39 of 57 comments (clear)

  1. Whelp. by GmExtremacy · · Score: 1

    I think it's time to switch to Gamemaker. Have to face the music some day, yes?

  2. correlation is not causation by Karmashock · · Score: 4, Insightful

    I'm sure outside forces installing things are disruptive. But then are they the primary forces doing installations in general? And if that's the case, then it would be more appropriate to call them simply installation related issues... and that's both common and to be expected.

    Install anything new and teething issues tend to crop up.

    --
    I've decided to stop wasting my time responding to AC trolls/sockpuppets... so if you want a response from me... login.
    1. Re:correlation is not causation by Anonymous Coward · · Score: 1

      I think you are 100% correct. I would also consider it the responsibility of the operational staff of a datacenter to properly monitor any external vendors granted access to the datacenter to ensure they don't break anything. I mean, I'm a customer of Datacenter A, I don't really give a crap if the person who took down my network works for Datacenter A or Vendor B that Datacenter A hired. The fact is, my SLA is with Datacenter A, and they are 100% responsible for maintaining the integrity of that datacenter, regardless of what outside forces are involved.

    2. Re:correlation is not causation by starfishsystems · · Score: 1

      Speaking only anecdotally, I've found, on many occasions when installing server applications, that the vendor's installation mechanism breaks the system in some way. These products can't be trusted in their default configuration, yet the nature of software installation entails an elevated degree of trust.

      A characteristic example would be a network service which inserts its own startup behavior into one of the standard Unix scripts in /etc/init.d rather than providing its own standalone script. There's really no excuse for this; it's just a mediocre hack by someone who doesn't know or care to do it the right way. But it's exactly here, where the application is provisioned to the system, that the greatest opportunity lies for breakage.
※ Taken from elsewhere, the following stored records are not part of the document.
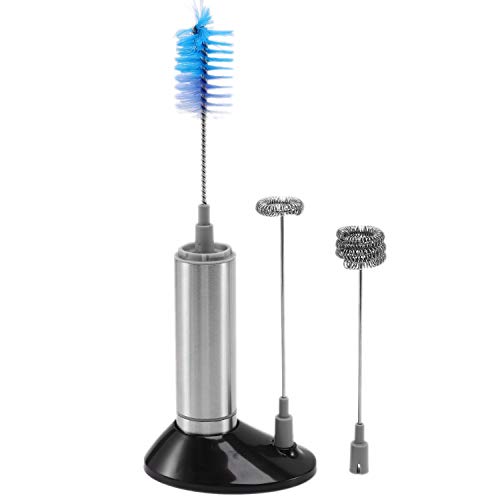 Simplemente emerge el batidor en una taza de agua tibia, pulsa el botón y el espumador estará limpio en cuestión de segundos. Espumador con un apoyo de acero para guardar tu abasto en la cocina, no te preocupes más de que la espuma fina manche la mesa
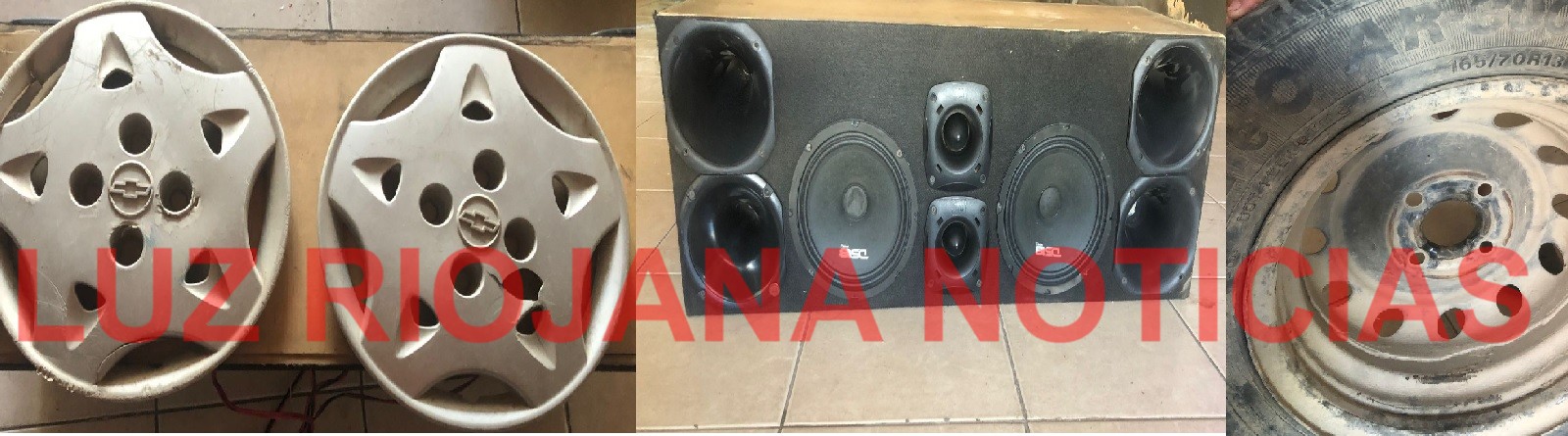Inmediatamente personal policial de Sub. Comisaria Anguinan y con la colaboración de la unidad móvil de la División de Accidente Viales, se dirigen al domicilio del joven Angel Narvaez Vera de 23 años de edad, con domicilio en el barrio Bº Alto Valle de la ciudad de Chilecito, donde se presenta la madre del joven, quien entrega voluntaria de los elementos robados, los cuales son, una caja de sonido de material madera, forrada en su frente con tela color negra, compuesta para dos parlantes denominados medios de la marca DS18, como asi también 4 cuatro bocinas y 2 dos parlantes denominados drives.
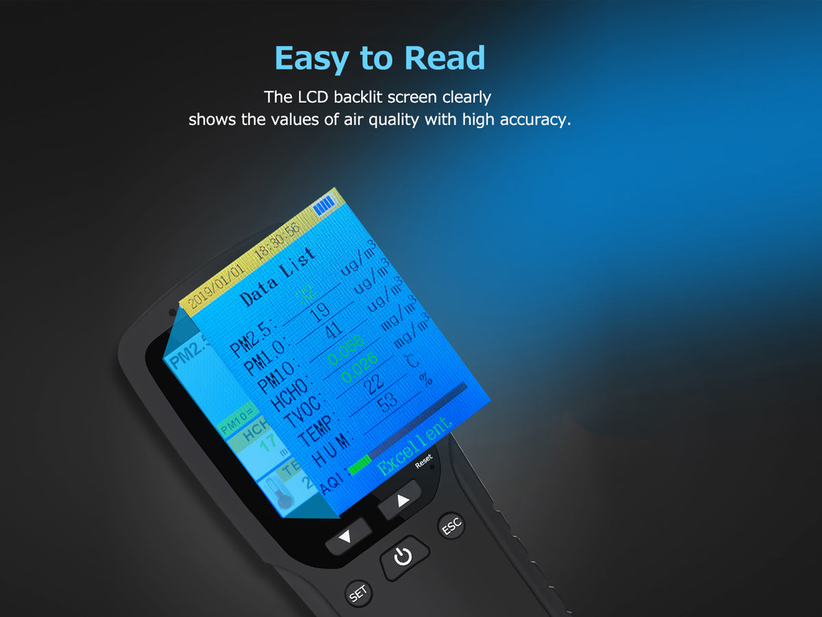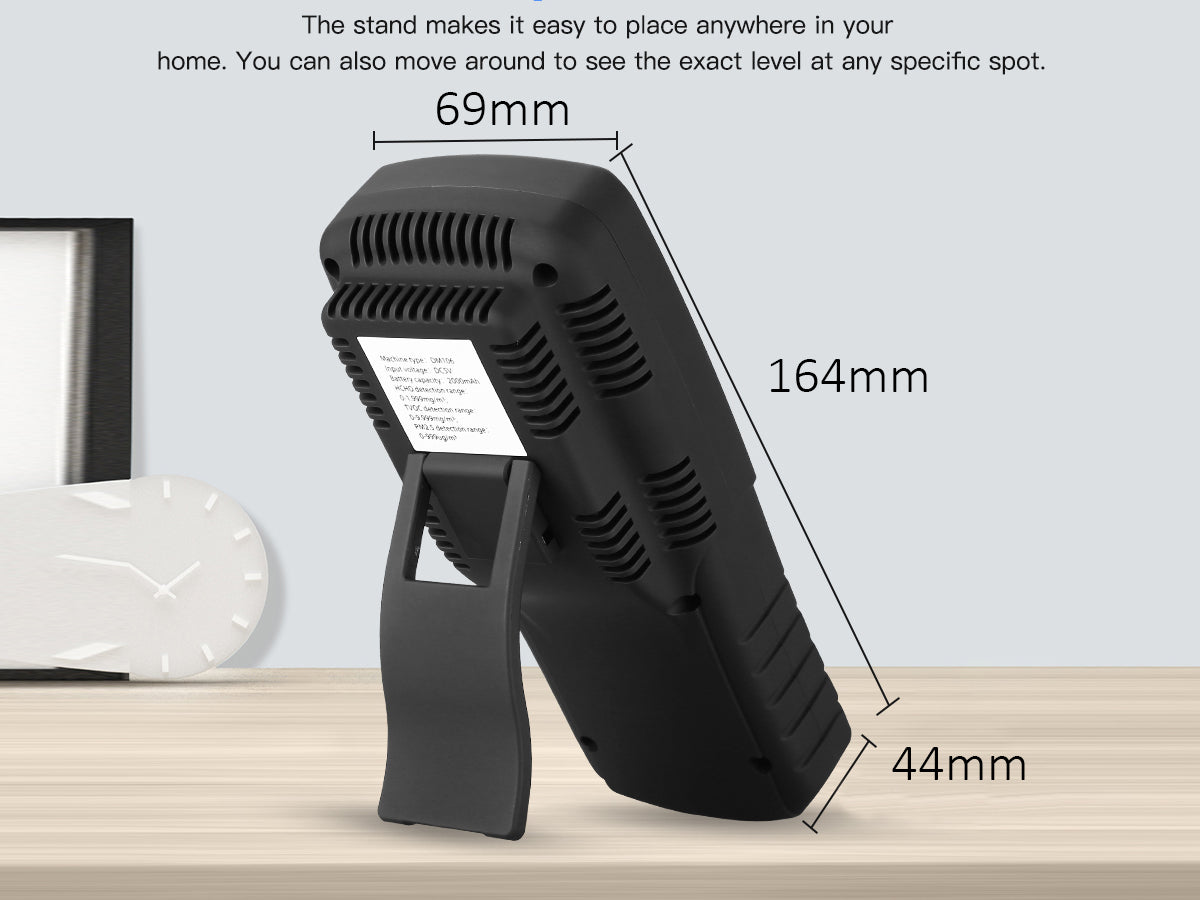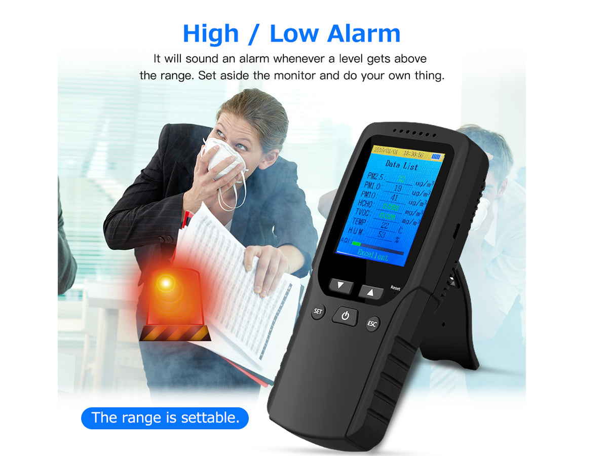 This 9 in 1 Multifunctional Air Quality Monitor with built-in electrochemical sensors will provide you with trustworthy measurements such as formaldehyde concentration (HCHO), PM2.5, PM1.0, PM10, HCHO, TVOC, temperature, humidity, AQI, date/time. It also allows portable testing with a built-in stand that allows Air Quality Monitor to be placed unattended anywhere. The smart air quality monitor has a 2000mAh rechargeable lithium battery that can last up to 8 hours.
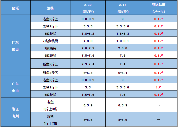 廣東佛山本周上漲0.1元/斤。春節(jié)期間,市場(chǎng)需求量猛增,流通商不夠魚(yú)抓廣東生魚(yú)價(jià)格急速上漲,2.5斤上大魚(yú)發(fā)車(chē)價(jià)達(dá)到10元/斤。近兩天開(kāi)始有點(diǎn)浮動(dòng),大魚(yú)微跌,中魚(yú)升價(jià)。目前新魚(yú)2斤上裝車(chē)價(jià)7.5-7.6元/斤,2斤下發(fā)車(chē)價(jià)為5.6-5.8元/斤,2斤上塘頭價(jià)為7.4元/斤,2斤下塘頭價(jià)5-5.3元/斤,2斤上6成統(tǒng)貨6.5元/斤左右,主要看魚(yú)頭,魚(yú)頭越大訂價(jià)越高,老魚(yú)大魚(yú)深受市場(chǎng)喜愛(ài)。目前棚魚(yú)為市場(chǎng)主力,統(tǒng)貨價(jià)在7.3-7.6元/斤之間,舊魚(yú)2斤上塘頭價(jià)8.8-9元/斤之間,裝車(chē)價(jià)9.3元/斤,加工廠逐步開(kāi)工,2斤下的中魚(yú)魚(yú)價(jià)上升,塘頭價(jià)5.5-5.6元/斤,老魚(yú)2斤上8成塘頭價(jià)7.8-8.3元/斤,2斤上7成多統(tǒng)貨7.8-8.1元/斤,2斤上6成統(tǒng)貨7.5-7.6元/斤。業(yè)界表示今年春節(jié)控制穩(wěn)定,加工廠復(fù)工,中魚(yú)帶動(dòng)魚(yú)價(jià),養(yǎng)殖戶在魚(yú)散春前基本不會(huì)怎么賣(mài)魚(yú),后續(xù)看漲!
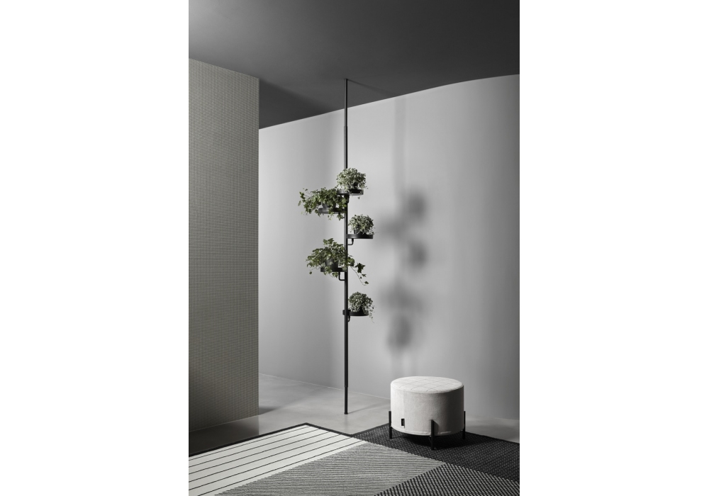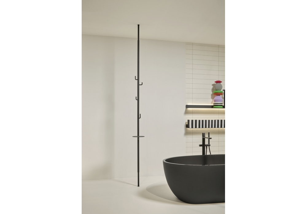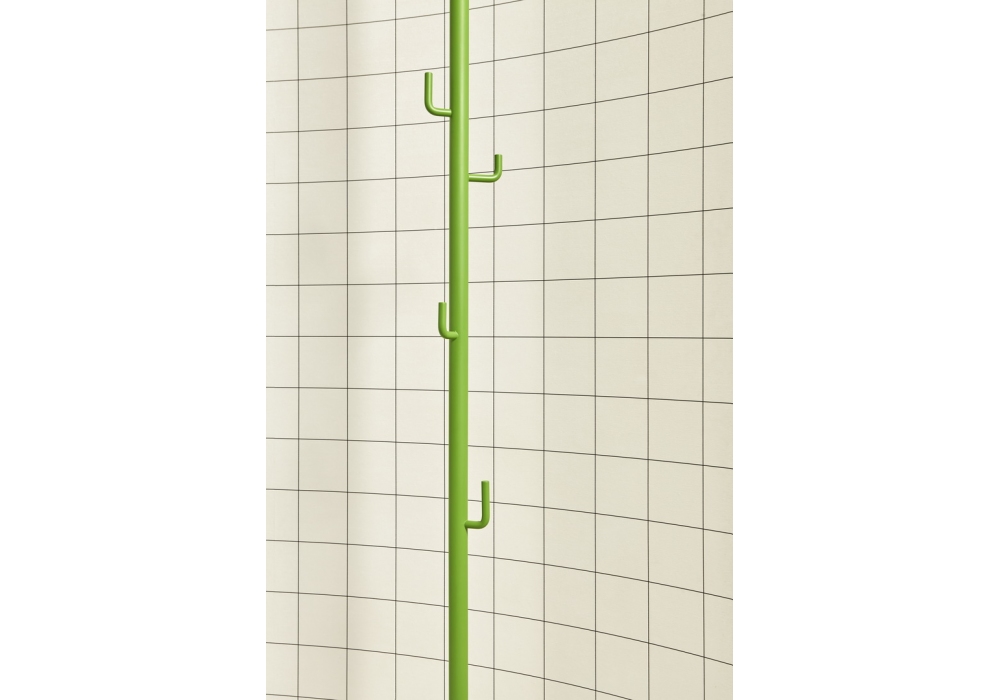 Cactus firmata da Brian Sironi per Antonio Lupi è un'asta appendiabiti terra/soffitto in acciaio verniciato. Le prolunghe terminali sono sempre nere goffrate e regolabili in altezza mentre il corpo centrale è disponibile nella versione bianco opaco o colorato ed è completo di cinque ganci portabiti. Contenitori svuotatasche in acciaio verniciato e specchio con telaio in acciaio, opzionali.
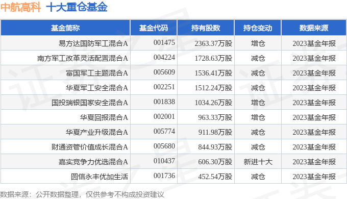 持有中航高科最多的基金为易方达国防军工混合A,目前规模为106.03亿元,最新净值1.235(3月15日),较上一交易日上涨0.57%,近一年下跌24.19%。该基金现任基金经理为何崇恺。

      It's also been my experience that contractors who perform installations on site, as well as vendors acting in that capacity, are generally not motivated to do the installation in a clean manner. Sure, it's nice to have someone to blame when things go wrong, but the kind of things that go wrong are often not encountered until the next system upgrade or patch interacts with whatever the installation broke, by which time the outside party is long gone. So usually the local staff take the blame, and in any case they're the ones who have to identify and fix the issues.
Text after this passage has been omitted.